[Raw data — start]
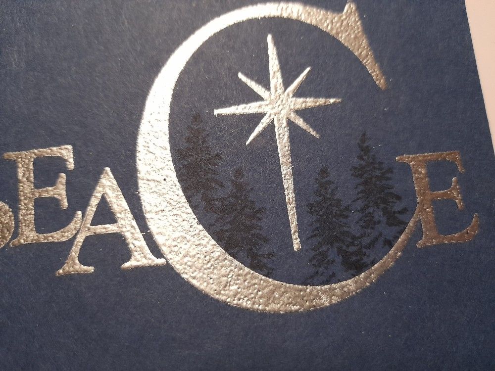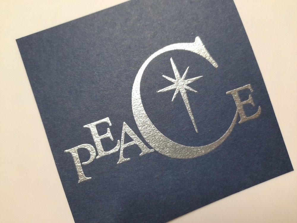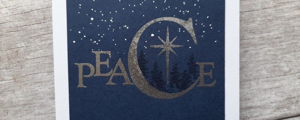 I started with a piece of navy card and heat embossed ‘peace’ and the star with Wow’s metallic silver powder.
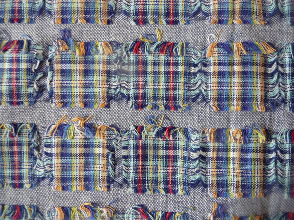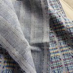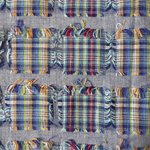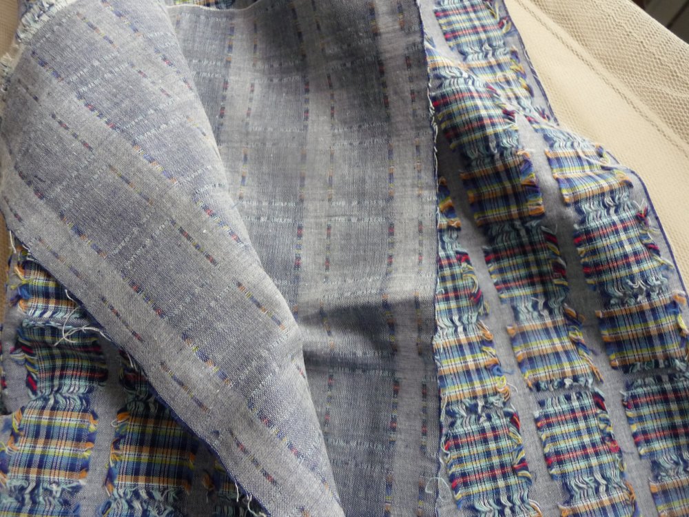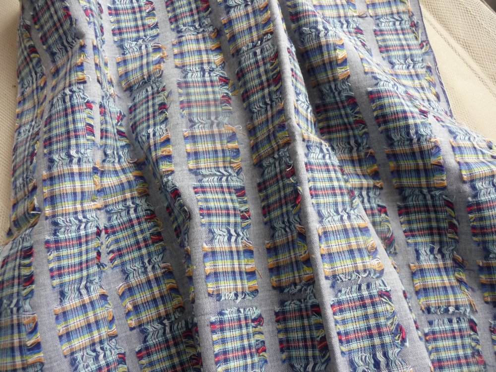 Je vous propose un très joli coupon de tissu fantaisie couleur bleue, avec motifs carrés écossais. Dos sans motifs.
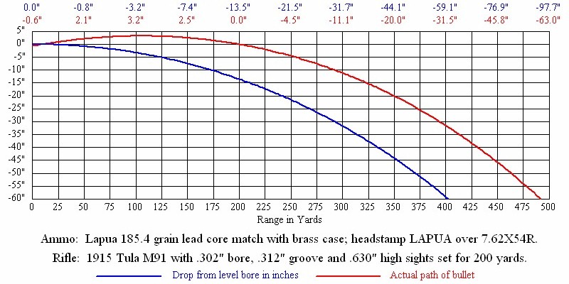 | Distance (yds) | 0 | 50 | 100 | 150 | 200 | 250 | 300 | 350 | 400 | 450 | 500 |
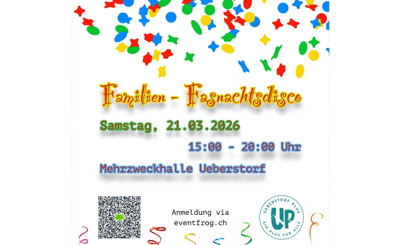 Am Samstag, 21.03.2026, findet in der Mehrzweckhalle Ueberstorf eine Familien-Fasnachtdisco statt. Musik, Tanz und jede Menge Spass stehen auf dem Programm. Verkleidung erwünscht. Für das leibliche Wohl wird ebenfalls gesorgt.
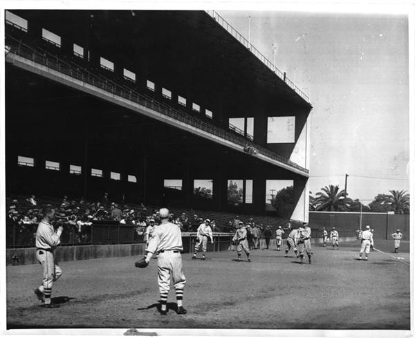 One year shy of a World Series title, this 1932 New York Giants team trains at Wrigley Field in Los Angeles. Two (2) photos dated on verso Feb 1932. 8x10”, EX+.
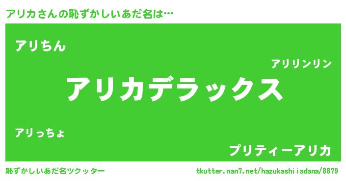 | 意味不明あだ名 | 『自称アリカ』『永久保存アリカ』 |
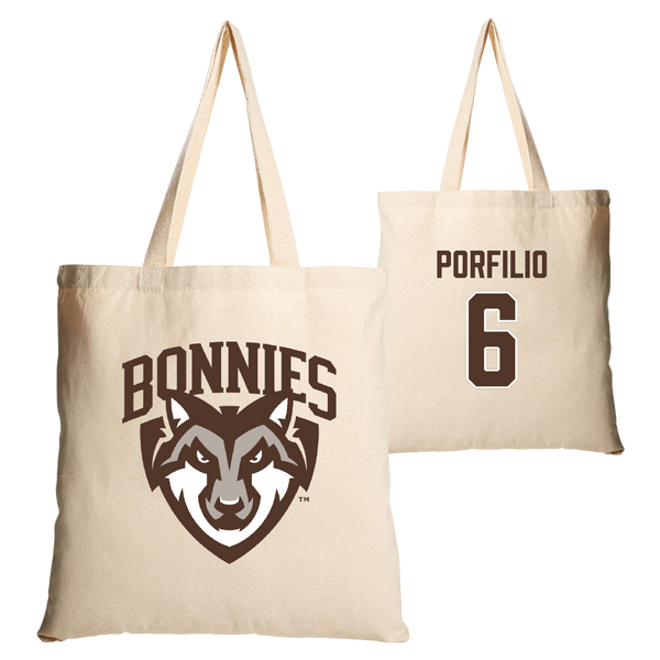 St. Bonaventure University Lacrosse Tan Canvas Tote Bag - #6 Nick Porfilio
[Raw data — finish]
[Raw data — start]
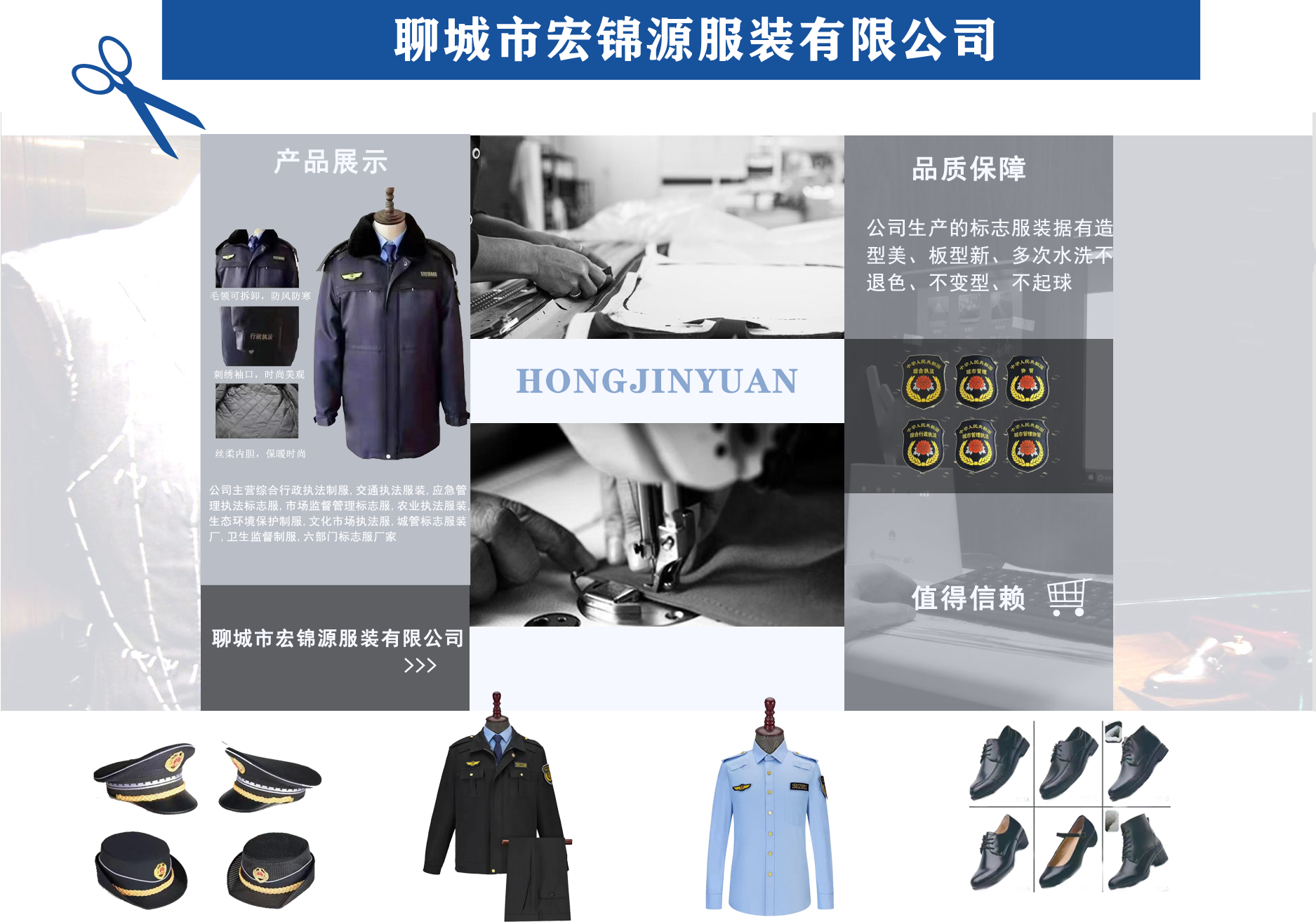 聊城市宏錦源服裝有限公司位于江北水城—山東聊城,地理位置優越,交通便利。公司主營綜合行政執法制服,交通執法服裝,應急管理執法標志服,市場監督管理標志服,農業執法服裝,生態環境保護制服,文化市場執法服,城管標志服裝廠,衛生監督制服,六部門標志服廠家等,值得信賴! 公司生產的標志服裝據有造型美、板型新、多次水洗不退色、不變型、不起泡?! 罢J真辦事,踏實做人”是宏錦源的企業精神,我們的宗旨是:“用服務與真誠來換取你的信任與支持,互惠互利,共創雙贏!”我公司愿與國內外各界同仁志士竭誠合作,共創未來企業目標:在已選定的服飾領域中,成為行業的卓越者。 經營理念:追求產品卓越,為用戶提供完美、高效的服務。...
[Raw data — finish]
[Raw data — start]
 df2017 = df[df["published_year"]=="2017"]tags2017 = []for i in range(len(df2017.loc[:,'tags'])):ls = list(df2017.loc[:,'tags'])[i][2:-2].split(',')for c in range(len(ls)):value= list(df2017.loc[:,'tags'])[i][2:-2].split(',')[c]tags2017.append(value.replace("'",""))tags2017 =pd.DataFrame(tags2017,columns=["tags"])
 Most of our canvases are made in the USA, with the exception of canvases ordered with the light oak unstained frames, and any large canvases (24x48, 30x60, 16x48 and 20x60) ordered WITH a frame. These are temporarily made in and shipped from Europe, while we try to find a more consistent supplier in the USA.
[Raw data — finish]
Task details. The output is the stretch above from the line with "450 | 500 |" through the line with "St. Bonaventure University", copied word for word with both ends kept and every picture dropped.

Exercise answer.
 | Distance (yds) | 0 | 50 | 100 | 150 | 200 | 250 | 300 | 350 | 400 | 450 | 500 |
 Am Samstag, 21.03.2026, findet in der Mehrzweckhalle Ueberstorf eine Familien-Fasnachtdisco statt. Musik, Tanz und jede Menge Spass stehen auf dem Programm. Verkleidung erwünscht. Für das leibliche Wohl wird ebenfalls gesorgt.
 One year shy of a World Series title, this 1932 New York Giants team trains at Wrigley Field in Los Angeles. Two (2) photos dated on verso Feb 1932. 8x10”, EX+.
 | 意味不明あだ名 | 『自称アリカ』『永久保存アリカ』 |
 St. Bonaventure University Lacrosse Tan Canvas Tote Bag - #6 Nick Porfilio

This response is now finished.